Tobes (author/narrator of the LessWrong linkpost)
👤 SpeakerAppearances Over Time
Podcast Appearances
Many days I look out over the rooftops and picture the swarms of kill drones on the horizon.
Maybe that's how it will happen.
That, or a mysterious and terrifying pandemic.
I will see my friends freaking out about it on social media one day and then a day later, my partner, and I will be coughing up blood.
Or maybe it'll be quicker.
I'll be blinded by the initial flash of the bomb, then a fraction of a second of extreme heat before the end.
The fear isn't sharp, just a dull empty sense that there is no future.
It's March 2023 and I am in my flat, talking to a friend.
We have agreed to meet to spend some time figuring out our thoughts on the actual risk from AI.
We have both been reading a lot about it, but still feel very confused so wanted to be more deliberate.

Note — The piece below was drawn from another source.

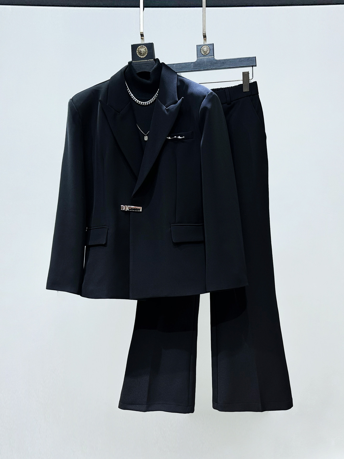 Metal Buckle Oversize Tailored Jacket & Flare Wide Leg Trousers Setup WN23935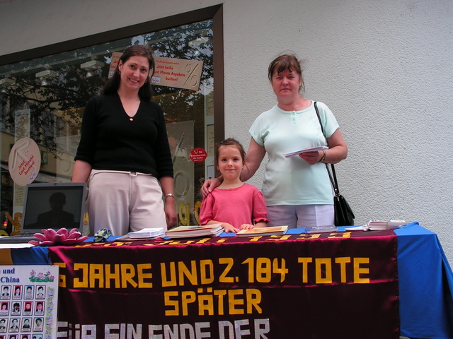 | 【明慧网2005年8月17日】德国海尔布隆(Hohenloher)报2005年7月30日报导,星期四下午在Oehringer Poststrasse街上出现了一个名叫“中国制造”的人权信息展位。路上行人来去匆匆,显得十分忙碌。这个世界危机四伏,每个人随时随地都可接收到各类的信息。有些人路过这里会停下来了解在中国的迫害和劳教所的情况,以及各国媒体与政府在此事件中的沉默。中国境内并不缺乏工作机会,然而许多人却被强制从事廉价的劳动,而西方投资人一直被蒙在鼓里。向人们讲述真象的女士们 1999年7月20日以后,一亿的中国人突然间被打成“头号敌人”。前中共领导人江××下令对法轮功学员采取“名誉上搞臭,经济上摧毁,肉体上消灭”的镇压手段,少数人像是着了魔似的抢着做摧毁中国社会的替罪羊。至今,曾在中国最受欢迎的气功功法──法轮功,仍受到镇压。 在靠近步行区的展位有三名来自Oehringen的女士向民众揭露上述真象和发送传单给路人。较年轻的女士向驻足的民众讲述着法轮功的真象。年纪最轻的小朋友则是在我们对面骑着木制长颈鹿,享受着Poststrasse街上的徐徐清风。

We spend some time together writing about and discussing our thoughts.
I am still very confused.
I mostly seem to be dancing between two ideas.
On one side there is the idea that the base rate for catastrophic risk is low.
New technology is usually good on balance and no new tech has ever killed humanity before.
Good forecasters should need a lot of evidence to update away from that very low prior probability of doom.
There isn't much hard evidence that AI is actually dangerous, and it seems very possible that we just won't be able to create superintelligence for some reason anyway.
On on the other side is the idea that intelligence creation is just categorically different from other technology.
Intelligence is the main tool for gaining power in the world.
This makes the potential impact of AI completely historically unprecedented.